Handy ✋🏻

V2 update: Handy can now stay with you through short on-screen workflows in the normal guide/help flow. Ask “walk me through this” and it can keep guiding from one click to the next instead of stopping after the first point.

Also in V2: Guide mode now uses smarter on-screen grounding and narrower screen capture when it can, so pointing is more reliable and cheaper.

🔜 Coming soon: An even smarter, more autonomous Handy on Android.

Handy is a native macOS assistant that lives in your menu bar.

It looks at your screen, listens when you want it to, and talks back—so you can ask “what do I click?” or “what does this mean?” without pasting screenshots into a separate chat window. You can open chat with a keyboard shortcut, the menu bar, or an optional tiny floating widget on the edge of the screen. The widget is there if you want a quick tap target without remembering shortcuts. The deeper idea is context that matches how you actually work.

Most assistants forget that you were just in Xcode and are now in Slack, or that “Chrome” is not the app you care about—the website is. Handy tracks the focused app and site, keeps separate conversation memory per place, and only sends the recent, relevant thread to the model along with a fresh view of your displays. Your secrets stay on your Mac in the system Keychain; your chat history stays local files on disk—not in someone else’s cloud by default.
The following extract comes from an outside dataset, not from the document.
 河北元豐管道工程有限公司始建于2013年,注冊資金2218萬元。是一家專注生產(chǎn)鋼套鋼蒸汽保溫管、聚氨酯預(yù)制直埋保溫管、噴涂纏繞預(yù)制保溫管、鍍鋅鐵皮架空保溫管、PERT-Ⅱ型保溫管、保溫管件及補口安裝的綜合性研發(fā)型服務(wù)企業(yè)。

When turned on, web search lets the model reach out to the internet for answers that need fresh data—without slowing down the questions that don’t.

[!NOTE]
A demo video is in this LinkedIn post that kinda blew up.

Handy — High-Level Architecture

What makes it different

Smart app switch (tool context)

Plain English: one brain, many notebooks—and it flips to the right notebook when you change what you are working in.
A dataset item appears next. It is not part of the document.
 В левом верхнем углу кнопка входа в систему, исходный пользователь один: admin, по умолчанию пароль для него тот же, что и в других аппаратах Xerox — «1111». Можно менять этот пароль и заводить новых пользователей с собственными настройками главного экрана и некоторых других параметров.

When you move from one app to another, you are not having one continuous chat with “the computer”—you are doing different jobs. Handy treats each focused application as its own tool context.

If you were talking about a bug in your editor and then switch to the browser to check docs, the assistant switches threads to match: it loads the history and labels for that app, not the previous one. This happens automatically before messages are sent (and when you open the chat panel): the app compares the current frontmost app to what it saw last. If you changed apps—or Handy did not yet know a name—it updates the active tool and loads the saved conversation for that tool.

If Handy itself is frontmost (for example you pulled the chat forward), it does not throw away your current context just because the menu bar app is active.

Layered answers (pointer, bubbles, and the full chat)

Handy does not want you stuck listening to a wall of text.

When you use voice, the experience is split on purpose: a short line you hear and see near the companion cursor, optional fly-to pointing at a control, and the longer story—shortcuts, alternatives, extra context—in the chat thread where you can read at your own pace. Same spirit when you type: the buddy can still point while the message in the panel goes deeper. Instructions are macOS-first so you are not getting Windows-style shortcuts by mistake.

If something really needs paragraphs instead of “click here first,” the quick version might simply nudge you to open chat for the full walkthrough—the detail still shows up in the thread.

Guided workflows (new in V2)

This is the biggest new piece in V2.

Before, Handy was best at one answer + one point. Now, for short on-screen tasks in the normal guide/help flow, it can stay with you for the next few steps too.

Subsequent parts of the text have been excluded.